Affogato: A dessert made by “drowning” a scoop of gelato with a shot of hot espresso.
Al Dente: Literally means “to the tooth.” Refers to pasta or rice that is cooked to be firm when bitten, not overcooked or mushy.
Antipasto: The traditional first course of an Italian meal, typically consisting of cured meats, cheeses, olives, and vegetables.
B
Balsamic Vinegar: A dark, concentrated vinegar originating from Modena, Italy, used as a condiment or dressing for salads, meats, and cheeses.
Bruschetta: Grilled bread topped with a variety of ingredients, most commonly diced tomatoes, garlic, olive oil, and basil.
C
Carbonara: A classic Roman pasta dish made with eggs, Pecorino Romano cheese, guanciale (cured pork cheek), and black pepper.
Caprese Salad: A simple salad made with fresh mozzarella, tomatoes, and basil, usually drizzled with olive oil and balsamic vinegar.
Ciabatta: A rustic Italian bread characterized by its airy texture and crispy crust, often used for sandwiches and paninis.
D
Dolce: The Italian word for “sweet,” referring to desserts or sweet dishes.
Durum Wheat: A hard type of wheat commonly used in Italy for making pasta due to its high gluten content.
F
Focaccia: A flat oven-baked bread similar to pizza dough, often topped with olive oil, herbs, and sometimes vegetables.
Frittata: An Italian omelette filled with vegetables, cheese, and/or meats, cooked slowly and served as a main dish or appetizer.
G
Gelato: Italian ice cream that is denser and creamier than other ice creams, with a higher milk-to-cream ratio and less air churned into it.
Gnocchi: Soft dumplings made from potatoes, flour, and sometimes eggs or cheese, often served with sauces like tomato, pesto, or butter and sage.
L
Limoncello: A traditional Italian lemon liqueur made from lemon zest, sugar, and alcohol, commonly served as a digestif.
Lasagna: A baked pasta dish layered with sheets of pasta, ricotta cheese, meat sauce (usually ragù), and mozzarella, topped with béchamel sauce or additional cheese.
M
Mascarpone: A rich, creamy cheese commonly used in desserts like tiramisu or cheesecakes, as well as in savory dishes.
Minestrone: A hearty vegetable soup that often includes pasta or rice, beans, and seasonal vegetables, typically served as a first course.
O
Orecchiette: Small, ear-shaped pasta that originated in the Puglia region, often served with broccoli rabe or meat sauces.
Olive Oil: A key ingredient in Italian cooking, used for frying, dressings, marinades, and drizzling over dishes for flavor.
P
Parmigiano-Reggiano: A hard, granular cheese known as the “King of Cheeses,” aged for a minimum of 12 months, and used grated over pasta, risotto, and more.
Pesto: A sauce originating from Genoa, traditionally made with crushed basil, garlic, pine nuts, olive oil, and Parmesan cheese, often served over pasta.
Polenta: A dish made from boiled cornmeal, served as a soft, porridge-like side or cooled, sliced, and grilled or fried.
R
Ragù: A meat-based sauce cooked slowly with vegetables, broth, and wine, used to dress pasta or make lasagna.
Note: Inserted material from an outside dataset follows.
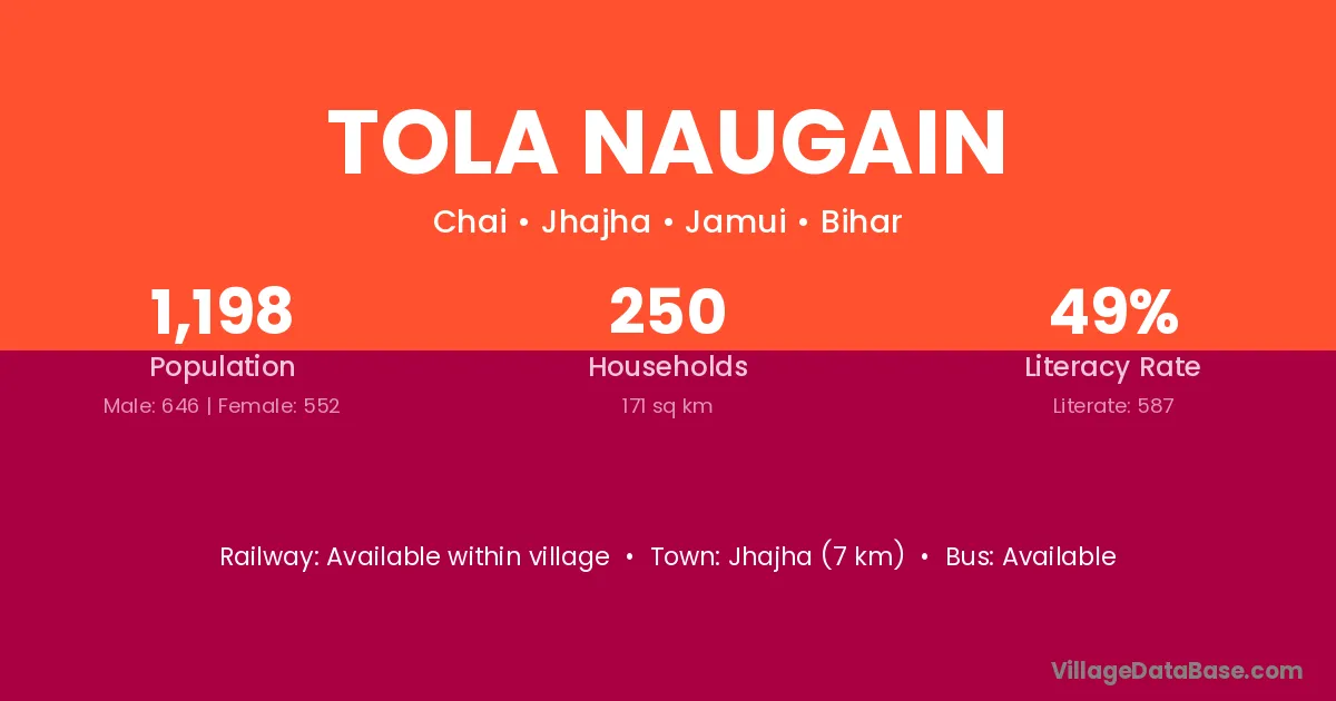 Jhajha (7 km) is the nearest town to Tola Naugain village for major economic activities and is located approximately 7 km away.

The most well-known is “ragù alla bolognese.”
Risotto: A creamy rice dish cooked with broth, onions, wine, and various add-ins like mushrooms, seafood, or cheese, stirred constantly until the rice is al dente.
Ricotta: A soft, creamy cheese made from the whey of cow, sheep, or goat milk, used in both savory dishes like lasagna and in desserts.
S
Sfogliatella: A shell-shaped, layered pastry filled with ricotta cheese, semolina, and flavorings like orange or cinnamon, popular in Naples.
Spaghetti: A long, thin pasta that is probably the most well-known worldwide, typically served with a variety of sauces like tomato, carbonara, or pesto.
Scampi: A style of preparing shrimp or langoustine, typically sautéed in olive oil, garlic, and white wine.
T
Tagliatelle: Ribbon-like pasta similar to fettuccine, often served with thicker sauces like ragù or creamy mushroom sauces.
Tiramisu: A layered dessert made with espresso-soaked ladyfingers, mascarpone cheese, cocoa powder, and sometimes a splash of liqueur.
V
Vongole: The Italian word for “clams,” commonly found in dishes like “spaghetti alle vongole,” which is pasta served with a garlic and white wine clam sauce.
Vincotto: A sweet and tangy cooked wine sauce, traditionally from the Puglia region, used to enhance dishes from meat to desserts.
Z
Zabaglione: A warm, frothy dessert made from whisked egg yolks, sugar, and wine (often Marsala), served with fruit or on its own.
Ziti: A tubular pasta commonly used in baked pasta dishes, mixed with sauces, cheese, and sometimes meat before being baked until bubbly.